(Top posting to quickly summarize what I gathered from the discussion and what would be required for Parsoid to expand pages with these transclusions).
Parsoid currently relies on the mediawiki API to preprocess transclusions and return wikitext (uses action=expandtemplates for this) which it then parses using native Parsoid pipeline. Parsoid processes extension tags via action=parse and weaves the result back into the top-level content of the page.
As per your original email, I am assuming the T is a page with a special content model that generates HTML and another page P has a transclusion {{T}}.
So, when Parsoid encounters {{T}}, it should be able to replace {{T}} with the HTML to generate the right parse output for P.
So, I am listing below 4 possible ways action=expandtemplates can process {{T}}
1. Your newest implementation (that just returns back {{T}}):
* If Parsoid gets back {{T}}, one of two things can happen: --- Parsoid, as usual, tries to parse it as wikitext, and it gets stuck in an infinite loop (query MW api for expansion of {{T}}, get back {{T}}, parse it as {{T}}, query MW api for expansion of {{T}}, .... ). So, this will definitely not work. --- Parsoid adds a special case check to see if the API sent back {{T}}, and in which case, requires a different API endpoint (action=expandtohtml maybe?) to send back the html expansion based on the assumption about output of expandtemplates.

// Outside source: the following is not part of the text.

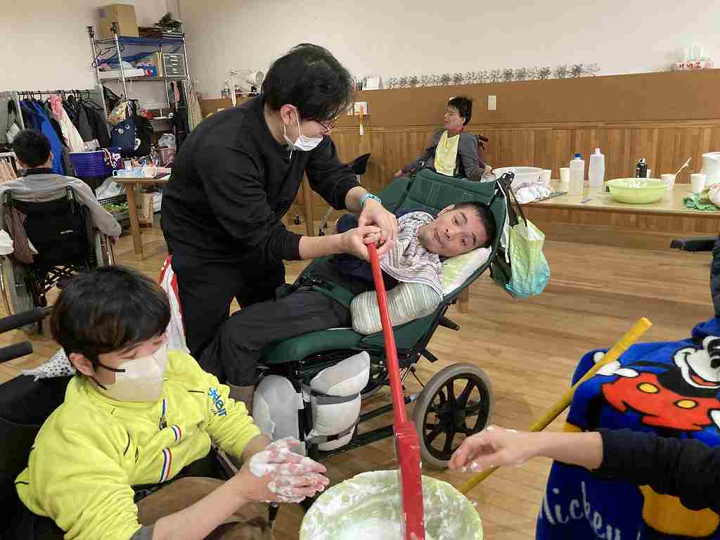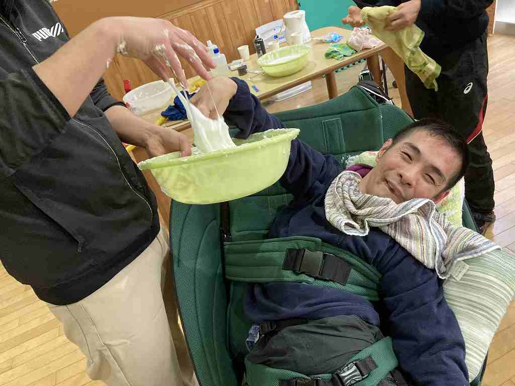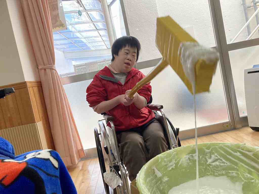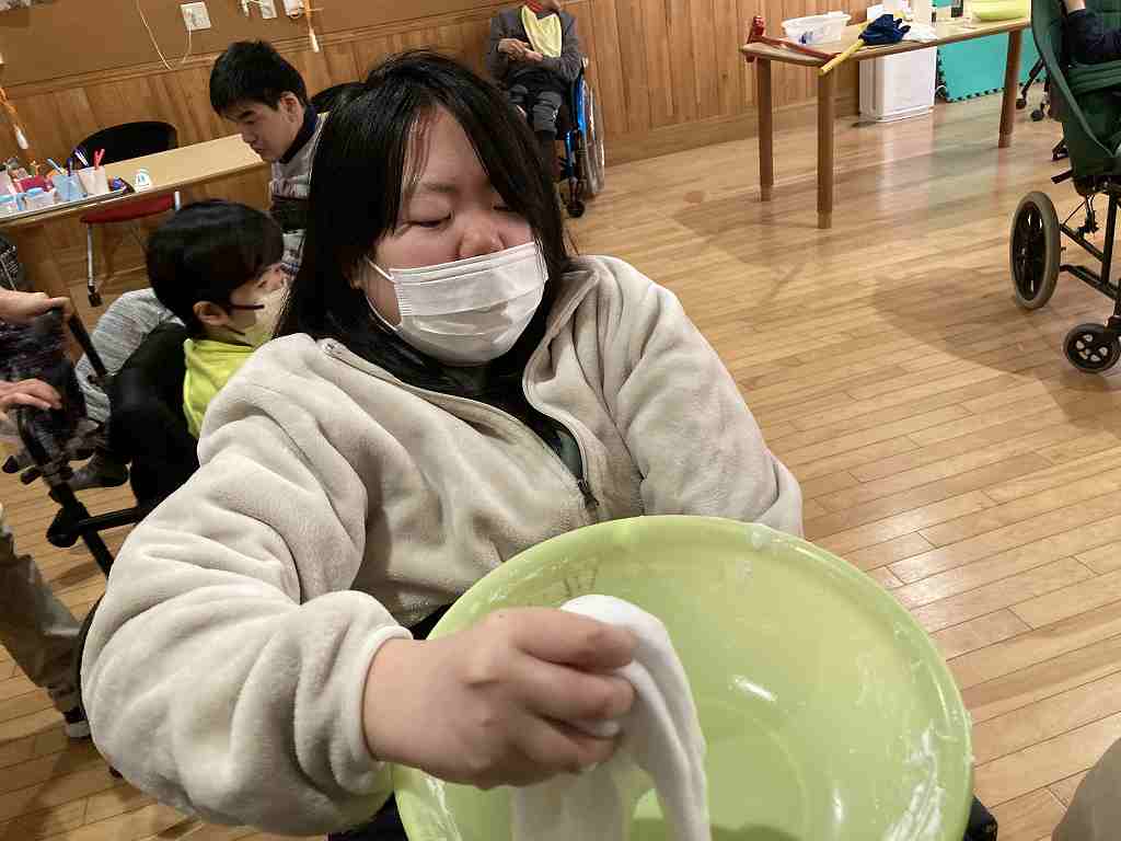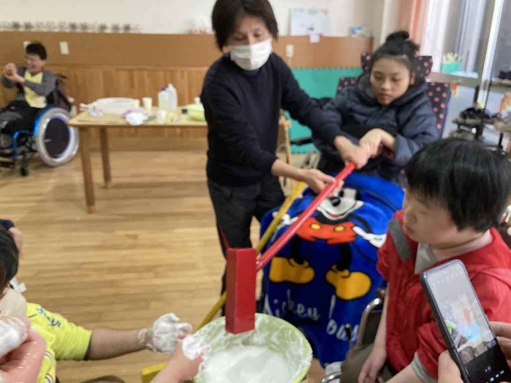 今日はレクリエーション活動で、餅つきゲームを行いました! 新年初めてのレクリエーションということで、今回は1月にちなんで「餅」をテーマに活動を行いました。 材料を入れてひたすらこねます! 材料を混ぜて、根気よく混ぜます! 少し固まってきたら、次は杵でつきながら手でこねます! 「よいしょー!」の掛け声で息を合わせます。 すると・・・段々と固まってきました! 取り出して形を整え・・・立派な鏡餅が完成しました★ 鏡餅ひとつあるだけで、新年の雰囲気を味わえますね。

This would work and would require the new endpoint to be implemented, but feels hacky.
So, going back to your original implementation, here are at least 3 ways I see this working:
2. action=expandtemplates returns a <html>...</html> for the expansion of {{T}}, but also provides an additional API response header that tells Parsoid that T was a special content model page and that the raw HTML that it received should not be sanitized.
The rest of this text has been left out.